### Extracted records
»»

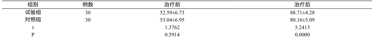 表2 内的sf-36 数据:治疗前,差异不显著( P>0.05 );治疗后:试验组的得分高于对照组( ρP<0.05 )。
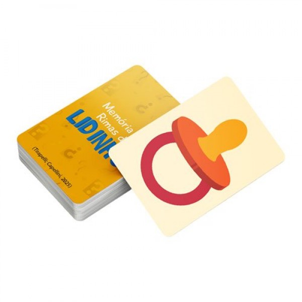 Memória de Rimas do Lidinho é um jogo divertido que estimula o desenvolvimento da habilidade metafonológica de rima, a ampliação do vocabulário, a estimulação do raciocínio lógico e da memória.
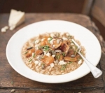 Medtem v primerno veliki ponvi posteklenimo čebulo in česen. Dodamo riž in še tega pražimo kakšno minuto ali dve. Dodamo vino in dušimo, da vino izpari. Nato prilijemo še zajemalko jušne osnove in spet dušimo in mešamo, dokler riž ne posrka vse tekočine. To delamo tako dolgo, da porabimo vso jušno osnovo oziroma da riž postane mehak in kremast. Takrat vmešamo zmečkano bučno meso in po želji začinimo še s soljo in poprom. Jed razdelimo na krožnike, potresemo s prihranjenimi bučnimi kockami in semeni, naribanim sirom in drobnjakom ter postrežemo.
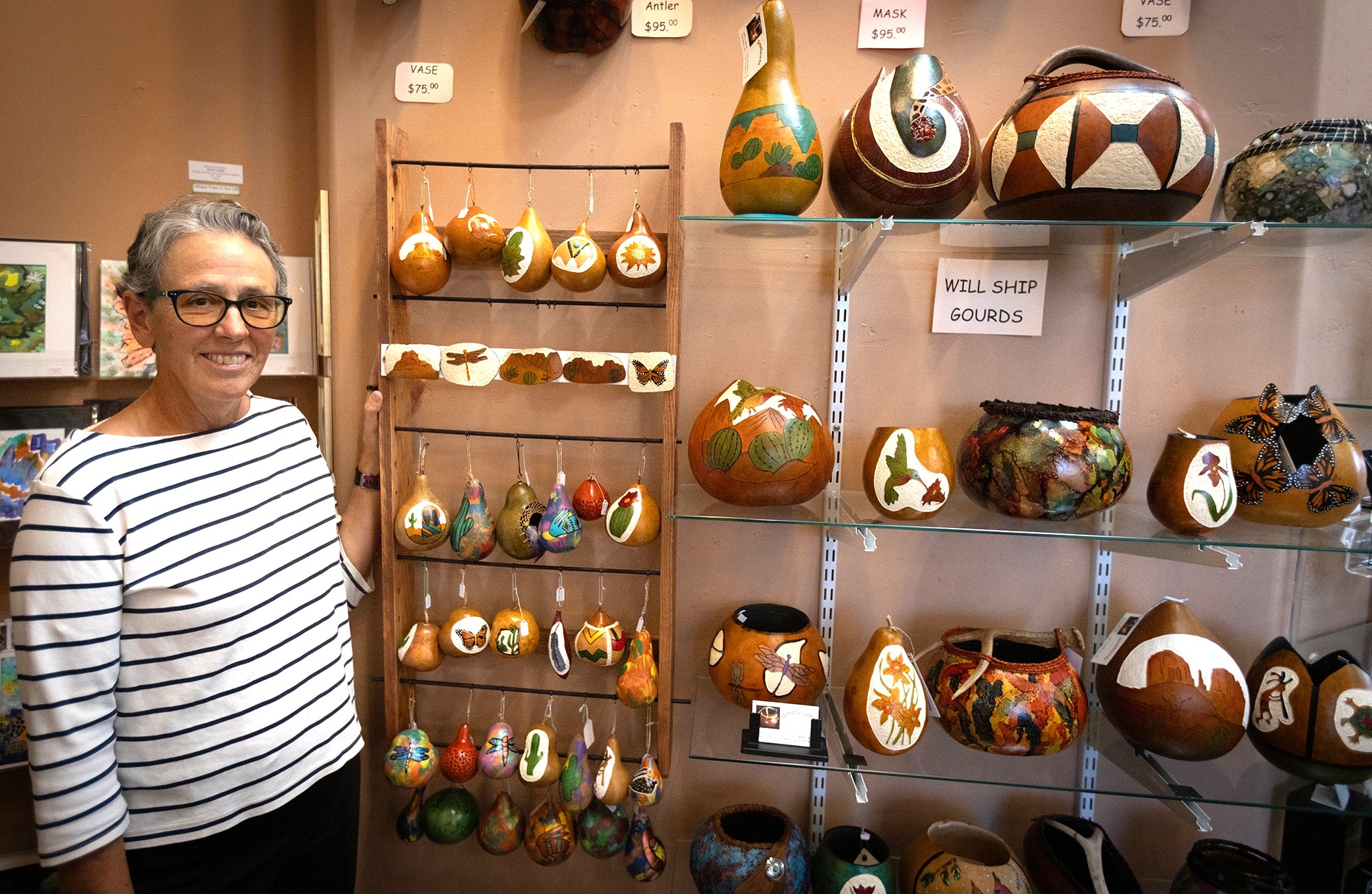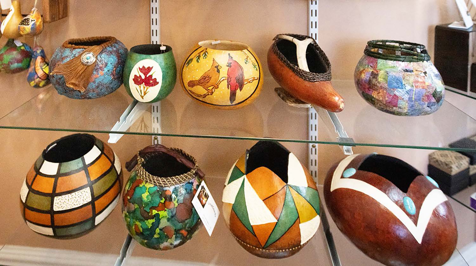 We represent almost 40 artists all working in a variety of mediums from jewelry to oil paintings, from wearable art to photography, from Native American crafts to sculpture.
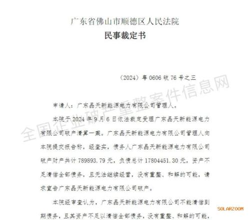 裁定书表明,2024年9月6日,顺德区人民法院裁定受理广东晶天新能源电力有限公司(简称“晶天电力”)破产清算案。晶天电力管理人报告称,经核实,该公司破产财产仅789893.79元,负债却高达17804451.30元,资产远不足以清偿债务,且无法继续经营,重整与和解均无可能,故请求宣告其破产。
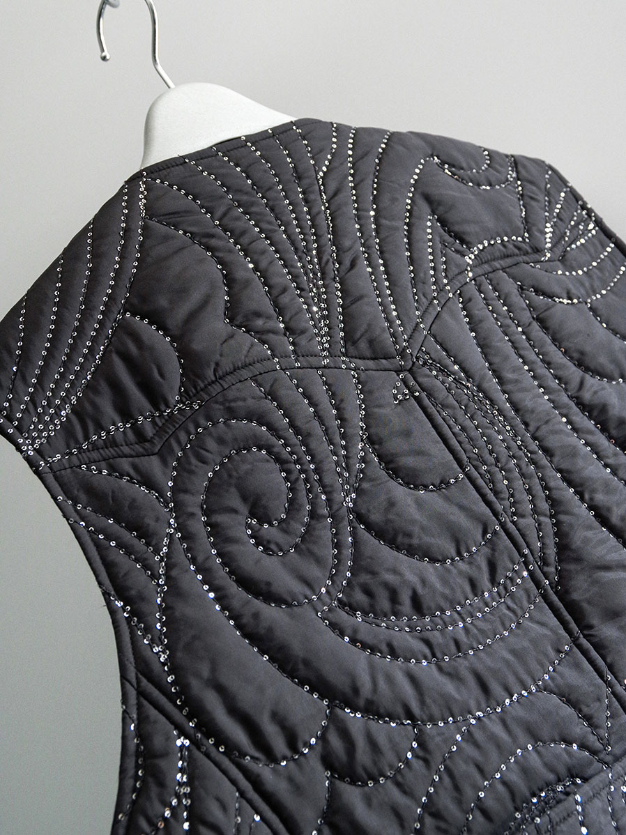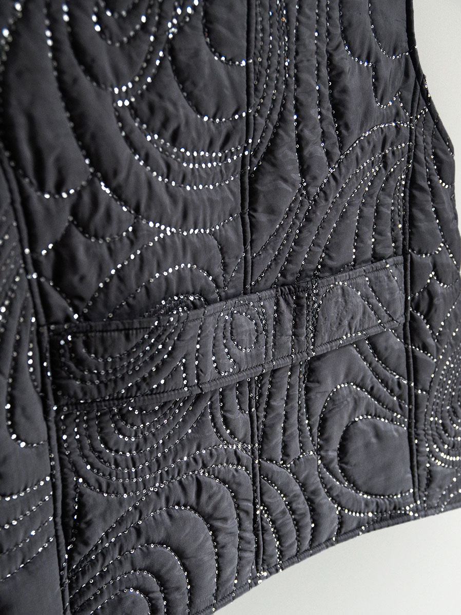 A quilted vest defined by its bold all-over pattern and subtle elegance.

««

Repeat each record verbatim, pictures excluded.

### Result
 表2 内的sf-36 数据:治疗前,差异不显著( P>0.05 );治疗后:试验组的得分高于对照组( ρP<0.05 )。
 Memória de Rimas do Lidinho é um jogo divertido que estimula o desenvolvimento da habilidade metafonológica de rima, a ampliação do vocabulário, a estimulação do raciocínio lógico e da memória.
 Medtem v primerno veliki ponvi posteklenimo čebulo in česen. Dodamo riž in še tega pražimo kakšno minuto ali dve. Dodamo vino in dušimo, da vino izpari. Nato prilijemo še zajemalko jušne osnove in spet dušimo in mešamo, dokler riž ne posrka vse tekočine. To delamo tako dolgo, da porabimo vso jušno osnovo oziroma da riž postane mehak in kremast. Takrat vmešamo zmečkano bučno meso in po želji začinimo še s soljo in poprom. Jed razdelimo na krožnike, potresemo s prihranjenimi bučnimi kockami in semeni, naribanim sirom in drobnjakom ter postrežemo.
 We represent almost 40 artists all working in a variety of mediums from jewelry to oil paintings, from wearable art to photography, from Native American crafts to sculpture.
 裁定书表明,2024年9月6日,顺德区人民法院裁定受理广东晶天新能源电力有限公司(简称“晶天电力”)破产清算案。晶天电力管理人报告称,经核实,该公司破产财产仅789893.79元,负债却高达17804451.30元,资产远不足以清偿债务,且无法继续经营,重整与和解均无可能,故请求宣告其破产。
 A quilted vest defined by its bold all-over pattern and subtle elegance.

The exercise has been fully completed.